With global oil production moving from plateau to decline, worldwide reserves of natural gas take on added importance. Increasingly, natural gas is viewed as a vital alternative energy source because it is plentiful and burns cleaner than other fossil fuels.
Methane is the primary component of natural gas. It is believed that methane is produced during the conversion to coal from peat, which is formed by continuous sub-aqueous deposition of plant-derived organic material in environments where the interstitial waters are oxygen-poor. In addition to methane, lesser amounts of other compounds such as water, nitrogen, carbon dioxide, and heavier hydrocarbons, and sometimes small amounts of other fluids such as argon and oxygen, can be found within the carbonaceous matrix of the coal formation. The gaseous fluids produced from coal formations are often collectively referred to as “coalbed methane.” Coalbed methane typically comprises more than about 90 to 95 volume percent methane. According to the U.S. Geological Survey, the reserve of such coalbed methane in the United States and around the world may be over 700 trillion cubic feet and over 7,500 trillion cubic feet, respectively. Most of these reserves are found in coal beds, but significant reserves are also found in other solid carbonaceous subterranean formations.

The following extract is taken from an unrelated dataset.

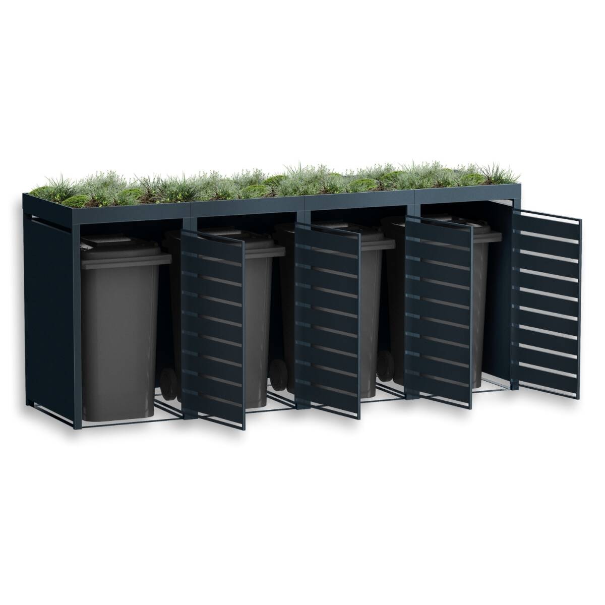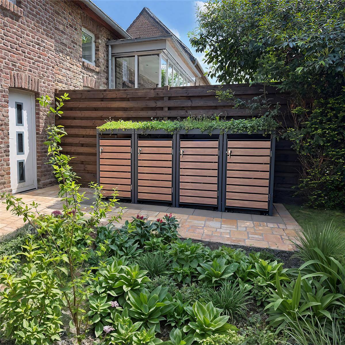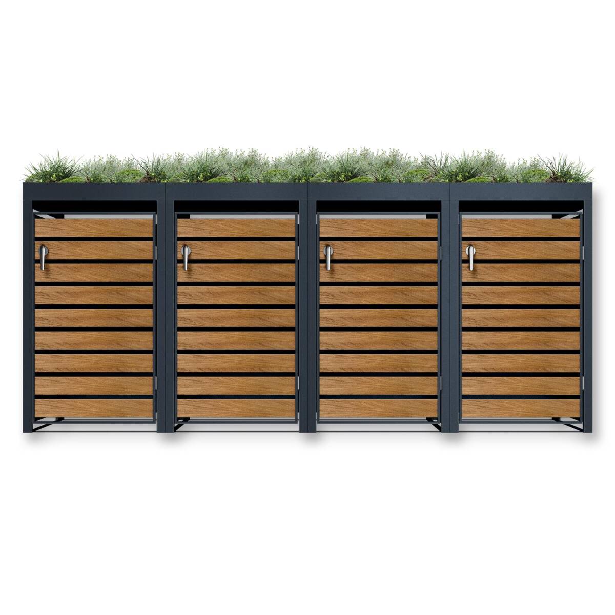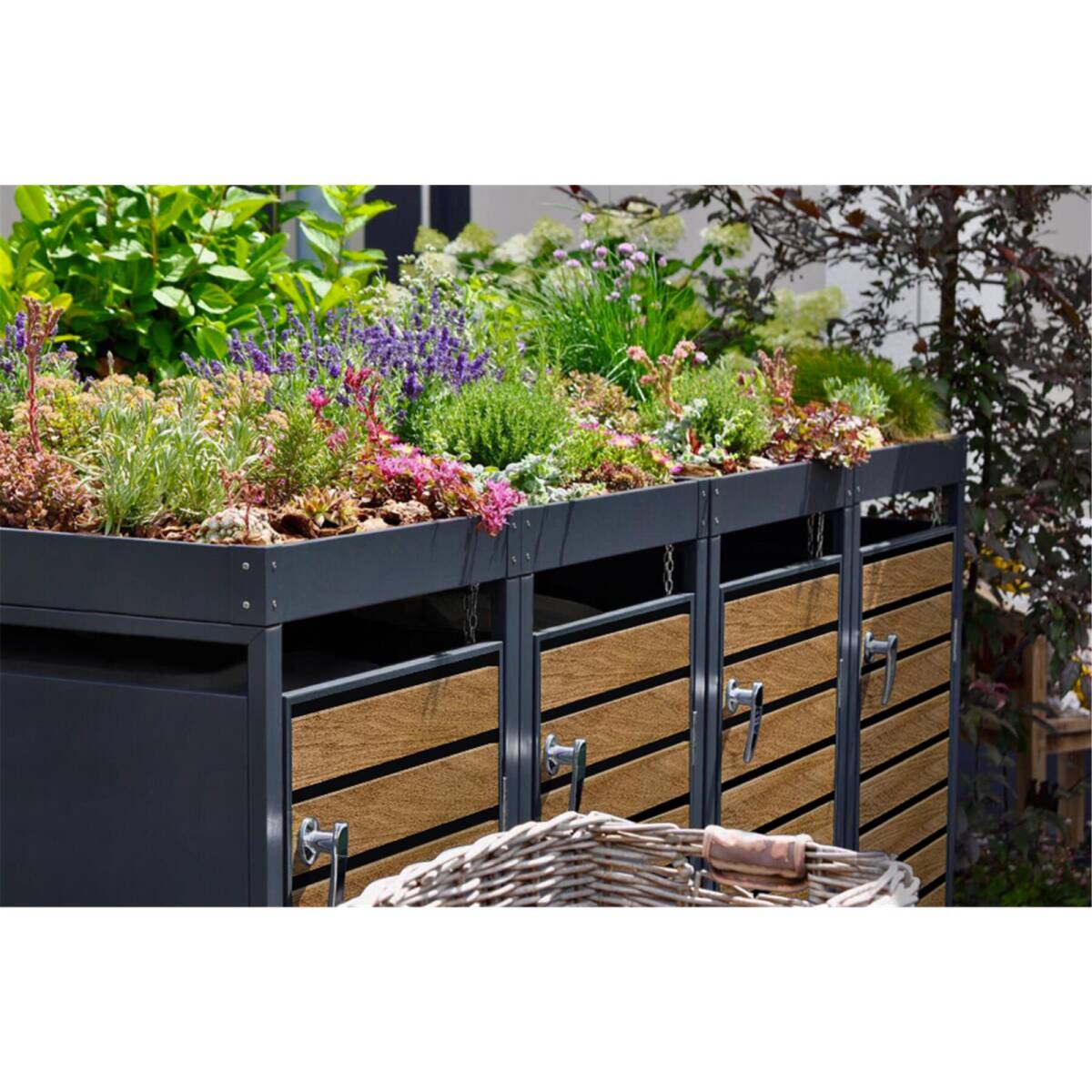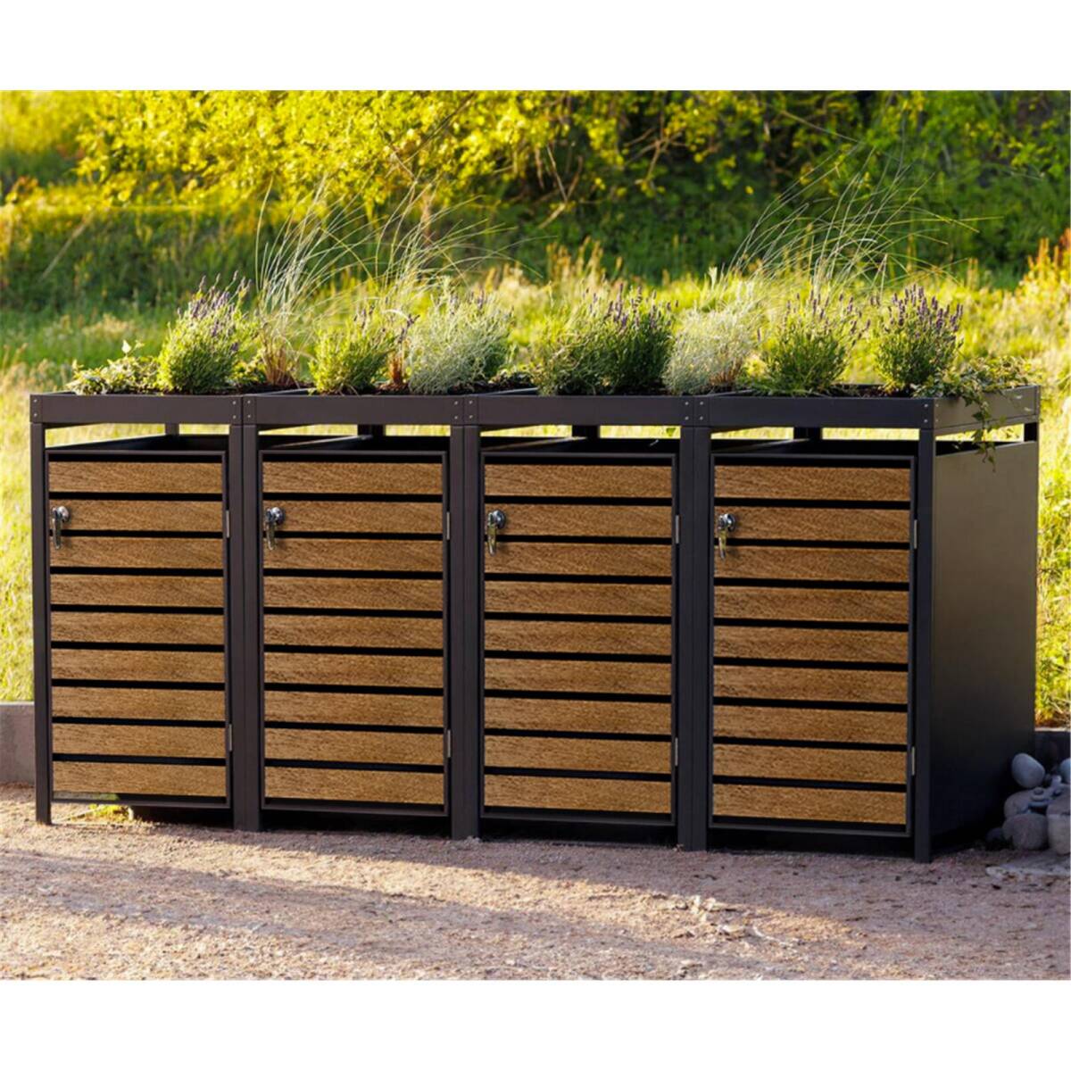 Metzler Mülltonnenbox in Holzoptik aus witterungsbeständig pulverbeschichtetem Stahl mit Pflanzdach für 4 Mülltonnen mit 60-240 Liter Fassungsvermögen

After natural gas is extracted from coalbeds but before it can be transported through the pipeline to a refinery, it must undergo a complicated process at or near the wellhead to remove various corrosion-causing contaminants. Depending on the well location and the geological conditions that created the natural gas in the first place, the raw gas emerging from the wellbore usually contains various amounts of water vapor; natural gas liquids such as ethane, propane and butane; hydrogen sulfide; carbon dioxide; helium; nitrogen; and other compounds. Various other contaminants are often introduced into the raw gas during the drilling and extraction of such gas from the coal seams. These other contaminants may include, for example, a pad fluid that is pumped down the wellbore into the coal-containing formation to initiate and propagate fractures in the formation. They may further include soaps and chemicals that are introduced into the wells to enhance production, especially during the “workover” of a wellbore when the well has reached the natural, downward slope of its production curve.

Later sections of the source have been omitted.